The way I help collaborators in the bottom-to-top exercise is with the following question: If you were not an employee of this company, but instead I had outsourced your services by hiring you as a contractor, and, in your company, YOU Inc, I was your biggest client, what would be your critical constraint to give me a service that would exceed my expectations?
Putting collaborators into a “business owner” perspective helps them tremendously to define their internal clients, and implement the concept of critical constraint in their function.
Crossing these two visions will reveal where there is alignment to accelerate, and where there are hidden productivity niches for management.
The Operating Plan (Next 4 weeks):
Define your Critical Constraints: Define them and announce them. Explain to the organization why focusing on these 1 to 3 aspects gives us the most leverage in the company.
Map the Workflows: Take your current organizational chart and demand that each “box” lists its main workflows. Choose the ones that touch the critical constraint to intervene.
Build Conviction: The entire C-Suite (starting with the CEO) must develop at least one agent to automate or augment a workflow of their own. The immediate objective is not the P&L, it is to learn, to earn operational authority through experience.

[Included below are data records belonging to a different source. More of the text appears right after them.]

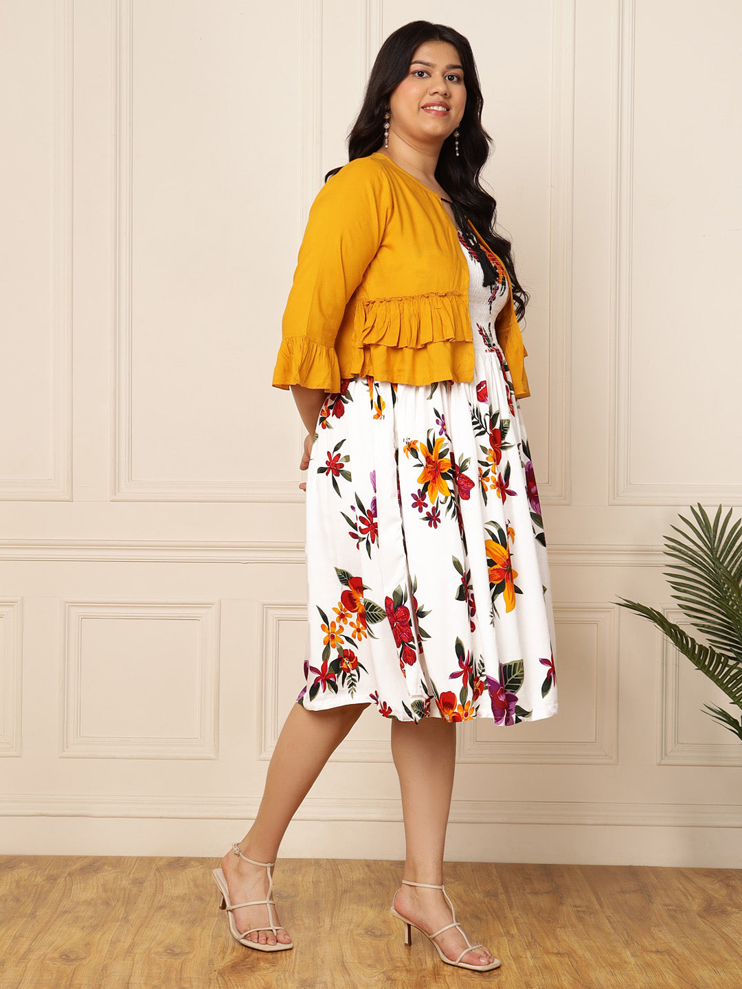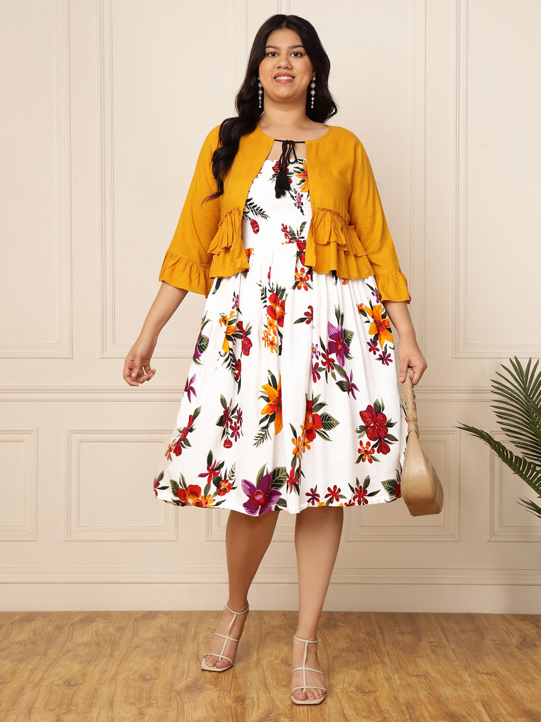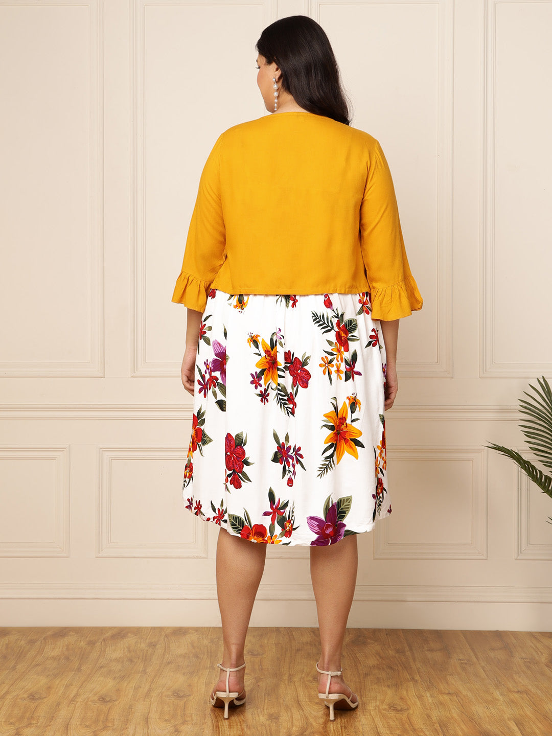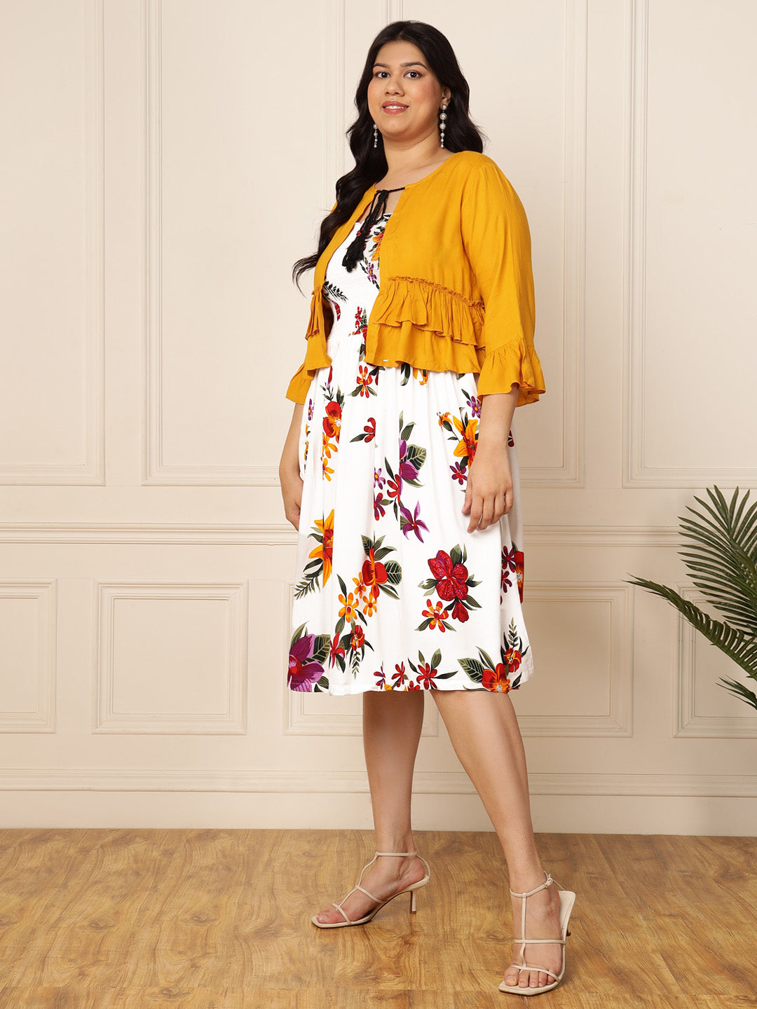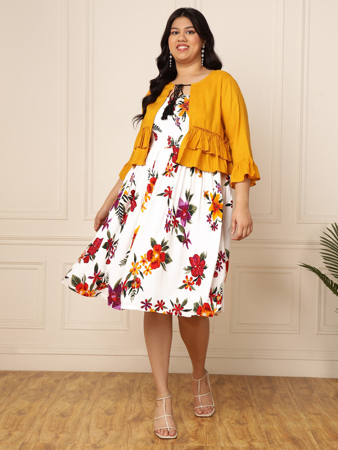 Women's Plus Size White Yellow Floral Tie-Up Neck Fit & Flared Dress
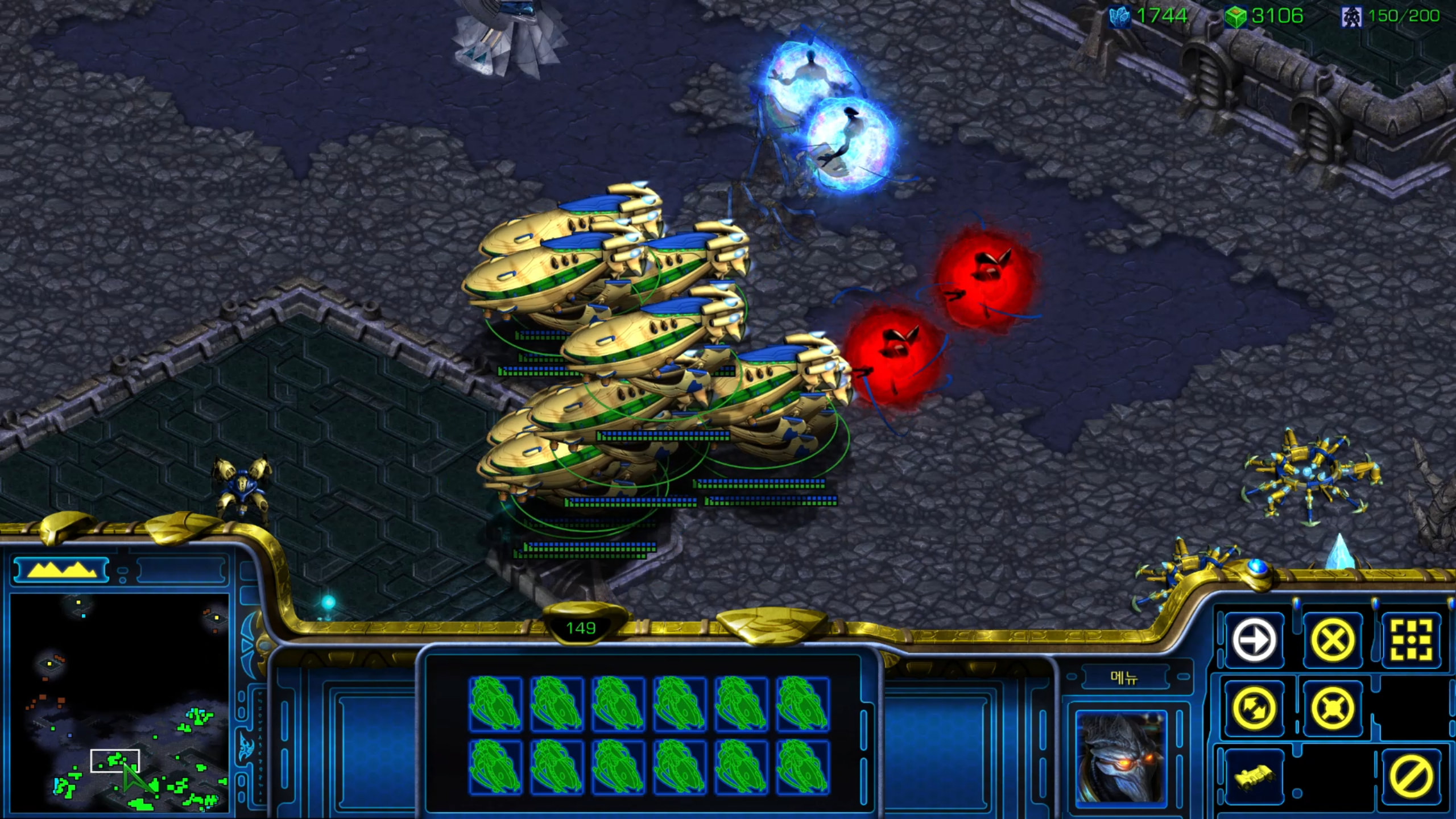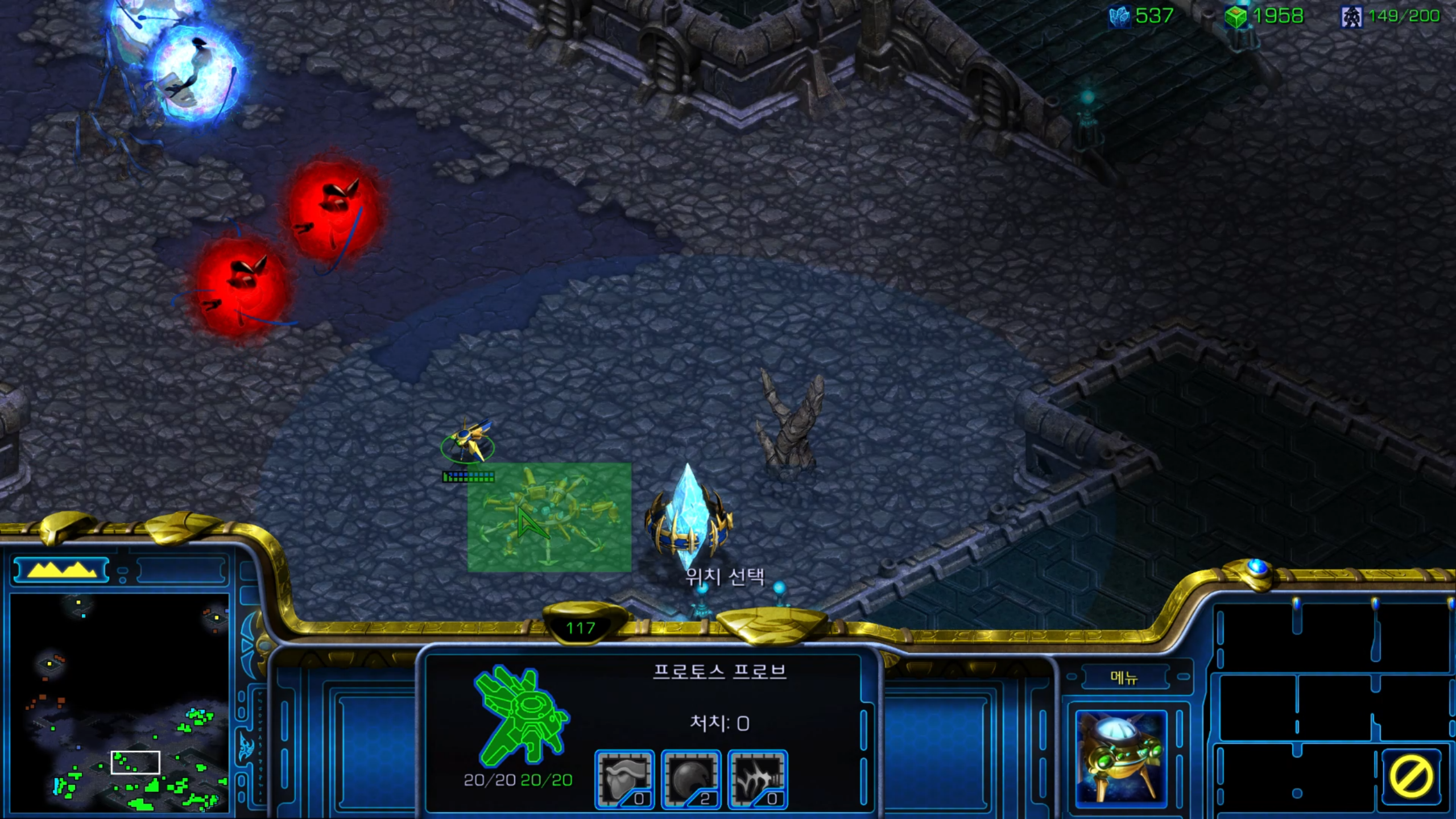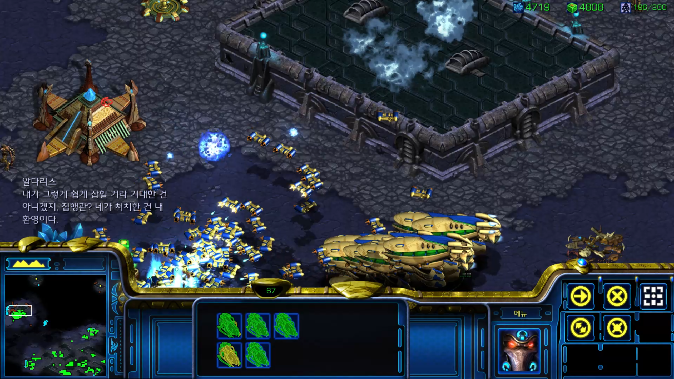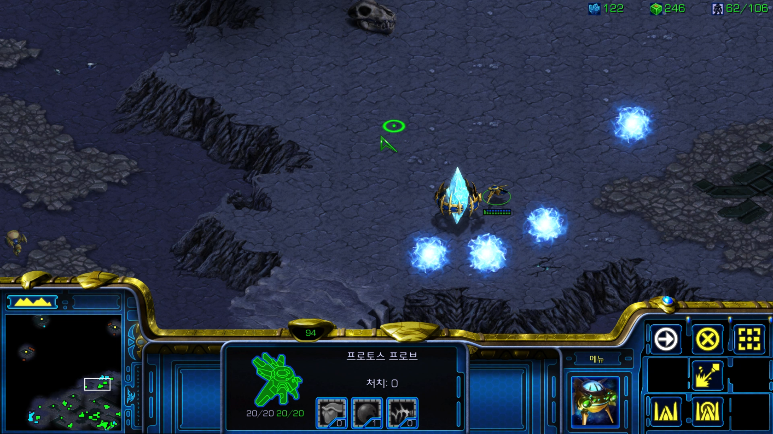 하이템플러만 못 쓰는 모양이네요. 다크아콘 두기가 있습니다. 마인드 컨트롤만 잘 쓰면 방어병력 없이 방어가 가능할 것 같습니다.
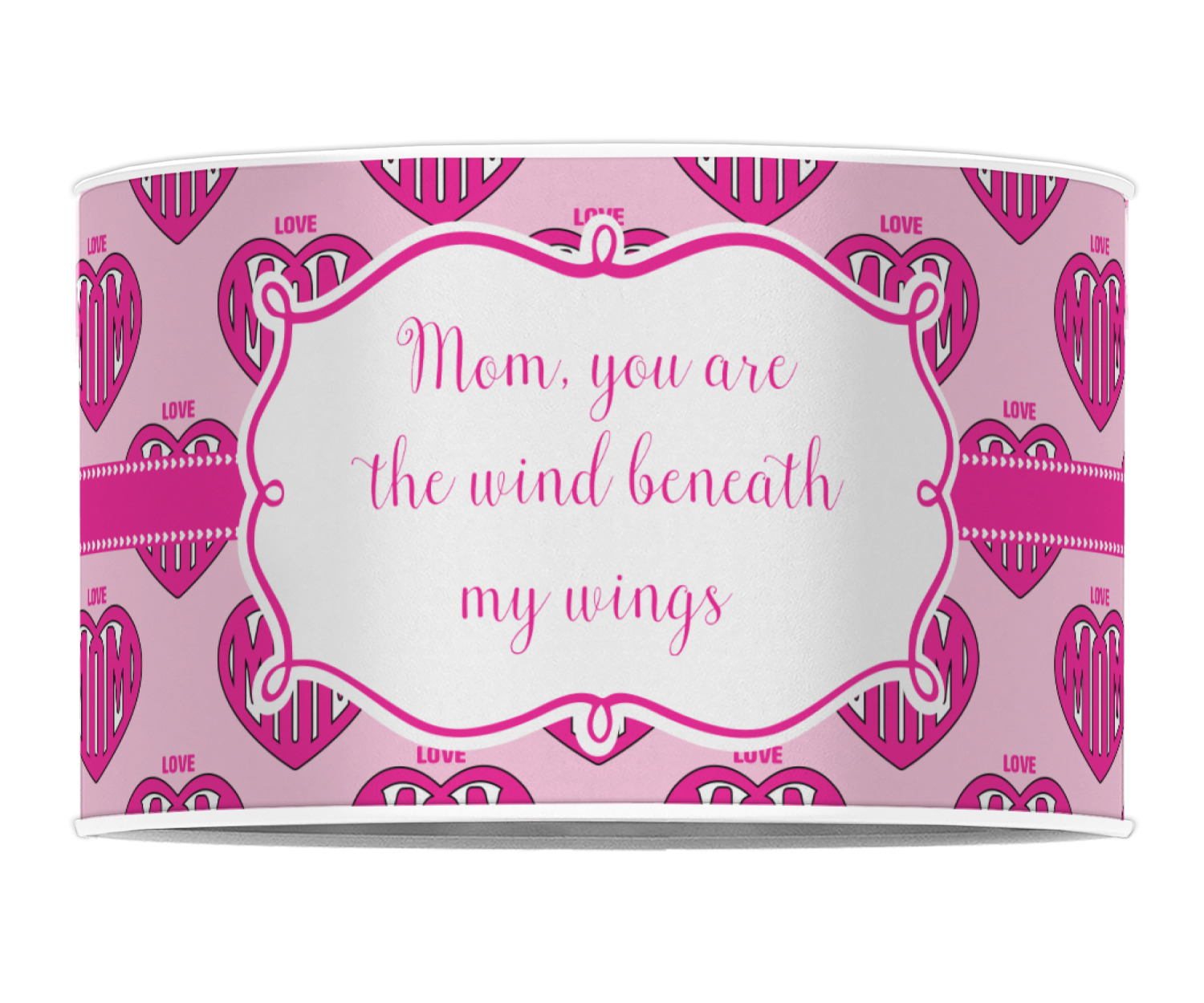 This design is perfect for Mother's Day and to show your mother how much you really love your mom! Our design background have the words Love & Mom; and the word Mom in inside a heart. We added our ribbon with hearts; we chose to use pinks and white and we chose to use a large label with the words "Mom, you are the wind beneath my wings".
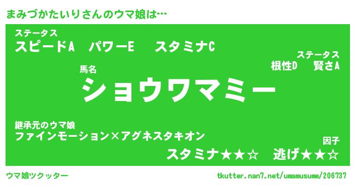 | 自動車の名前っぽいあだ名 | 『プリマミ』『マクア』『ヴィッマ』 |
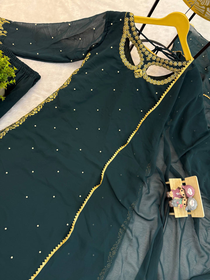 Step into timeless elegance with our MST-1125 3-piece set, a masterpiece crafted in luxurious faux georgette and adorned with intricate embroidery and real pearl moti work. Designed to blend sophistication with comfort, this outfit is perfect for festive occasions, parties, or elegant gatherings.
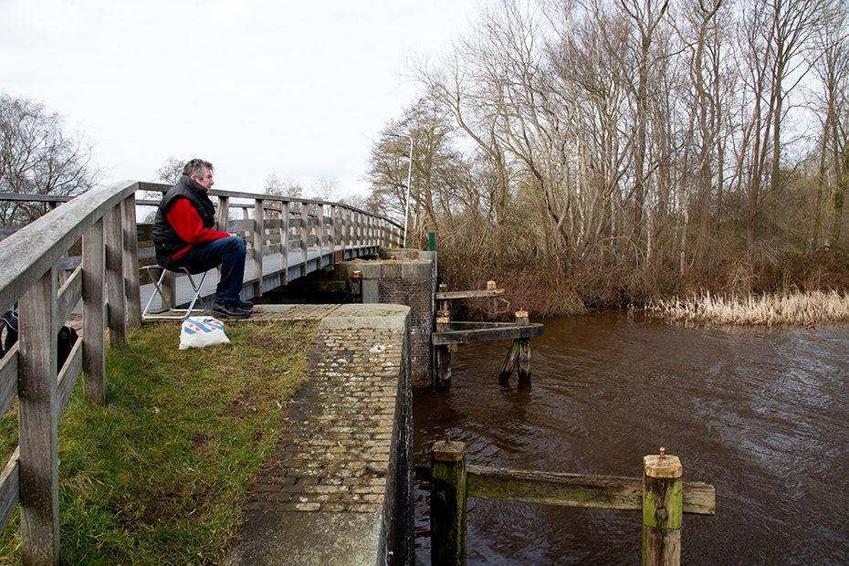 Jan had zijn klapstoeltje meegenomen en koos een plekje op het sluisje. Vanaf dit punt had hij mooi zicht over het water en op de eventuele aanvliegroute van de ijsvogel.
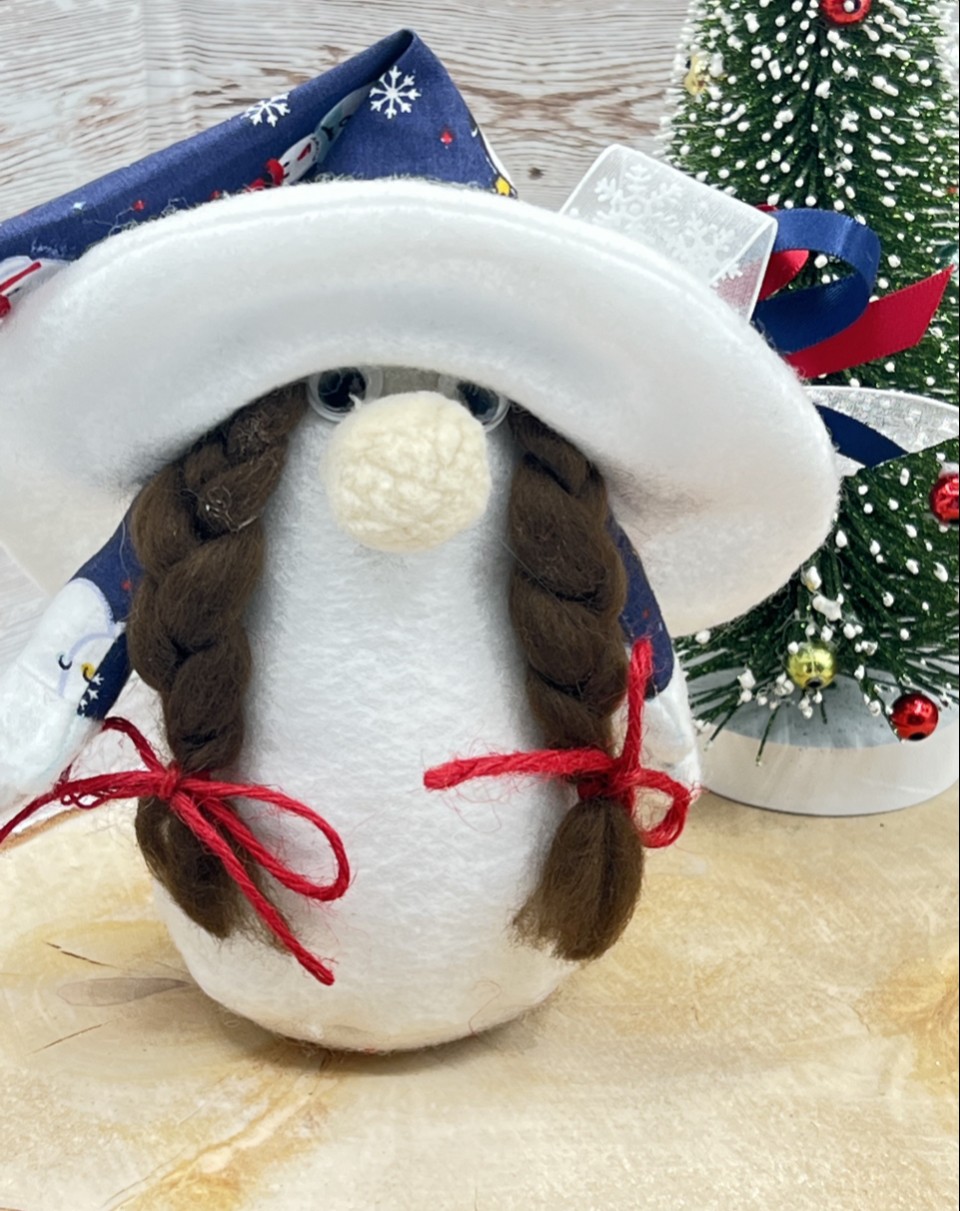 • Matériaux : feutrine, tissu imprimé de Noël, laine à feutrer, yeux expressifs et deux jolies tresses brunes.

Audit Curiosity: In quarterly performance reviews, add a new metric to the KPI discussion: What workflows did you optimize with AI this quarter and how has that elevated the strategic throughput of your role? How does this effort connect to freeing our critical constraint? How does it help improve the company’s sales or margin?
We do not have great certainty of what exact capabilities AI will have in 36 months, but we do know something irrefutable: in 3 years, the difference between competitors will not be explained by who adopted AI (giving each employee 50 interns), but by who used AI in the right places and managed to amplify operational discipline, versus who used it to amplify chaos.